Disruption of NAP1 genes supresses the fas1 mutant phenotype and enhances genome stability

Abstract

ABSTRACTHistone chaperones mediate assembly and disassembly of nucleosomes and participate in essentially all DNA-dependent cellular processes. In Arabidopsis thaliana, loss-of-functions of FAS1 or FAS2 subunits of the H3-H4 histone chaperone complex CHROMATIN ASSEMBLY FACTOR 1(CAF-1) has a dramatic effect on plant morphology, growth and overall fitness. Altered chromatin compaction, systematic loss of repetitive elements or increased DNA damage clearly demonstrate the severity of CAF-1 dysfunction. How histone chaperone molecular networks change without a functional CAF-1 remains elusive.

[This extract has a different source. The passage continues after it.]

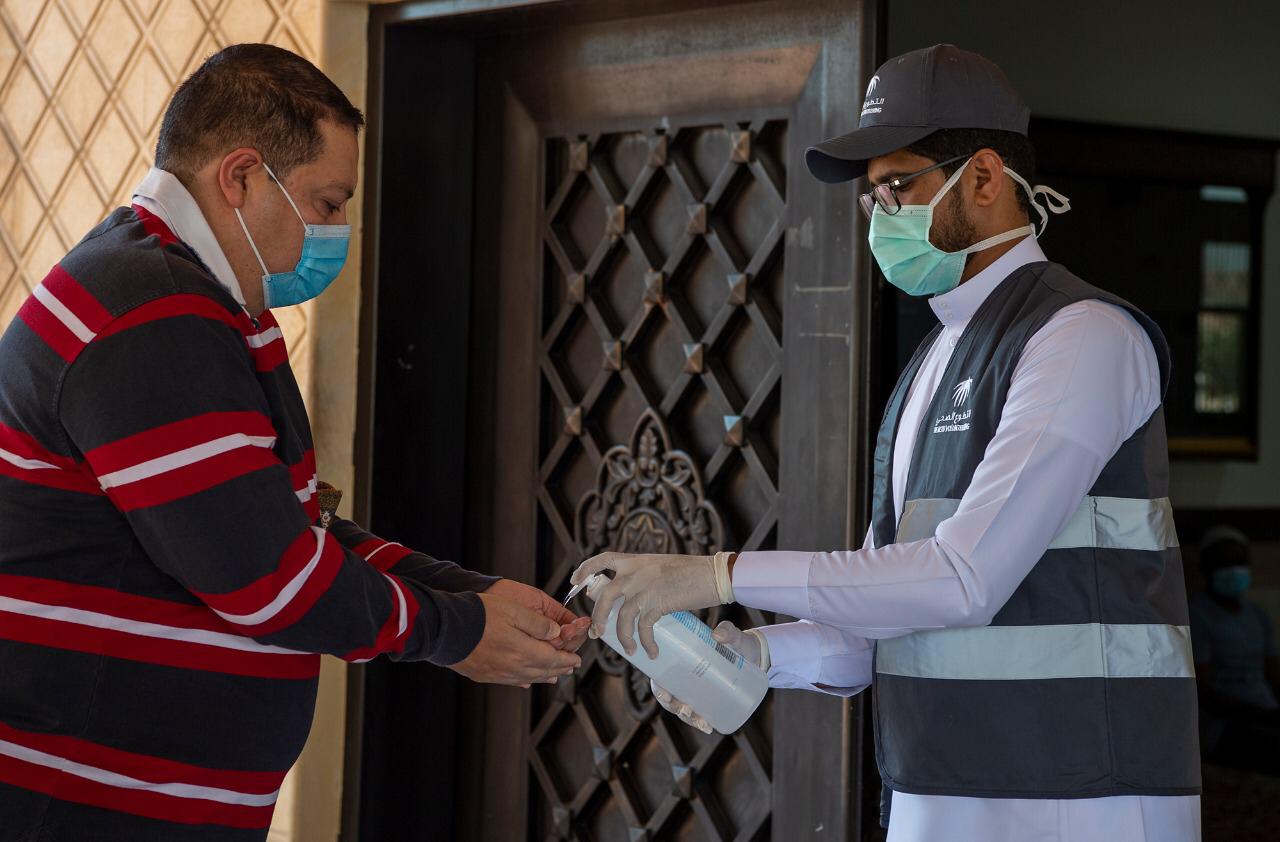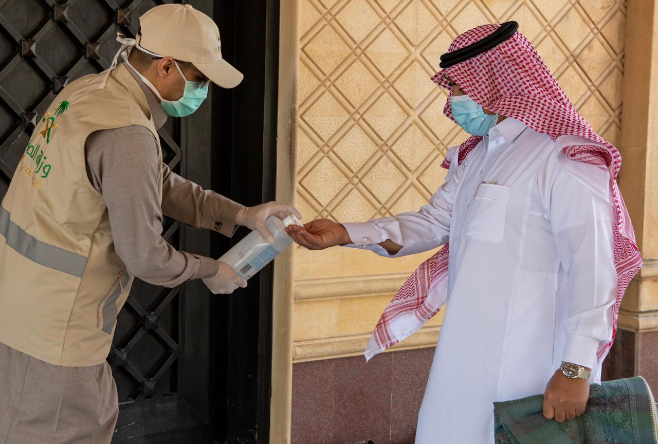 وبدأت الحملة اليوم الجمعة بمشاركة عدد من المتطوعين الصحيين ومراقبي المساجد في عدد من جوامع مدينة الرياض، حيث قام المشاركون فيهل بتوجيه وإرشاد المصلين بالالتزام بالتباعد الجسدي ، واستخدام السجادة الخاصة ، ومداومة ارتداء الكمامة، وتنظيم دخول وخروج المصلين من الجوامع، إلى جانب توزيع الكمامات والسجادات على المصلين .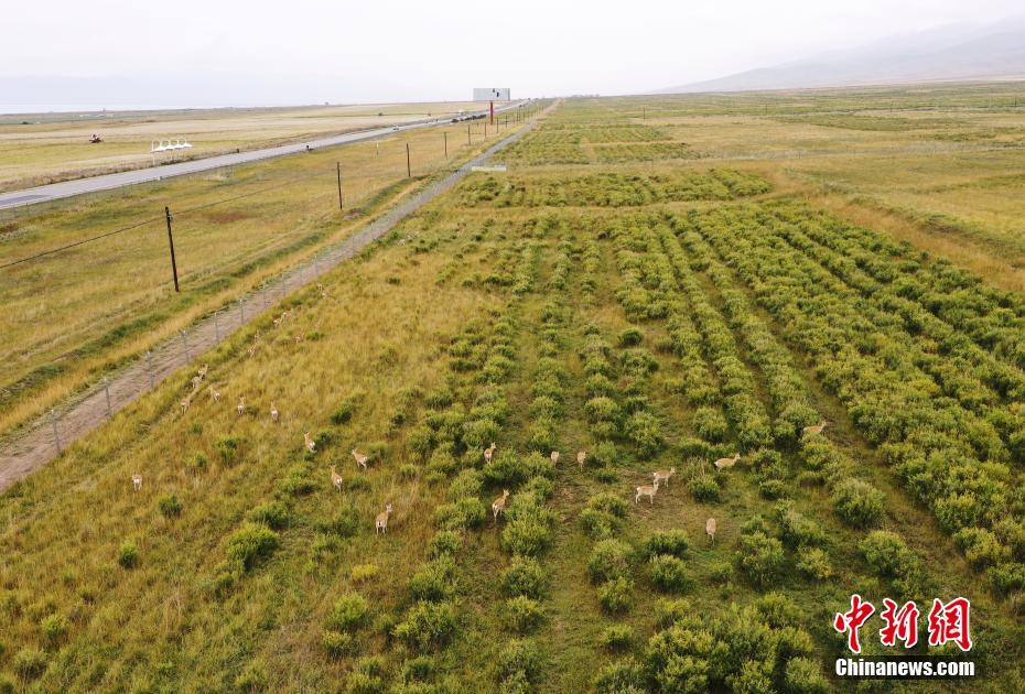 9月27日,在青海省海南藏族自治州共和縣青海湖國家級(jí)自然保護(hù)區(qū)南岸保護(hù)站,普氏原羚在草場內(nèi)進(jìn)食。(無人機(jī)照片) 中新社記者 馬銘言 攝

Here we present an intriguing observation that disruption of the H2A-H2B histone chaperone NUCLEOSOME ASSEMBLY PROTEIN 1 (NAP1) supresses FAS1 loss-of function. The quadruple mutant fas1nap1;1-3 shows wild-type growth and decreased sensitivity to genotoxic stress. Chromatin of fas1nap1;1-3 plants is less accessible to micrococcal nuclease and progressive loss of telomeres and 45S rDNA is supressed. Interestingly, the strong genetic interaction between FAS1 and NAP1 does not occur via direct protein-protein interaction. We propose that NAP1;1-3 play an essential role in nucleosome assembly in fas1, thus their disruption abolishes fas1 defects. Our data altogether reveal a novel function of NAP1 proteins, unmasked by CAF-1 dysfunction. It emphasizes the importance of a balanced composition of chromatin and shed light on the histone chaperone molecular network.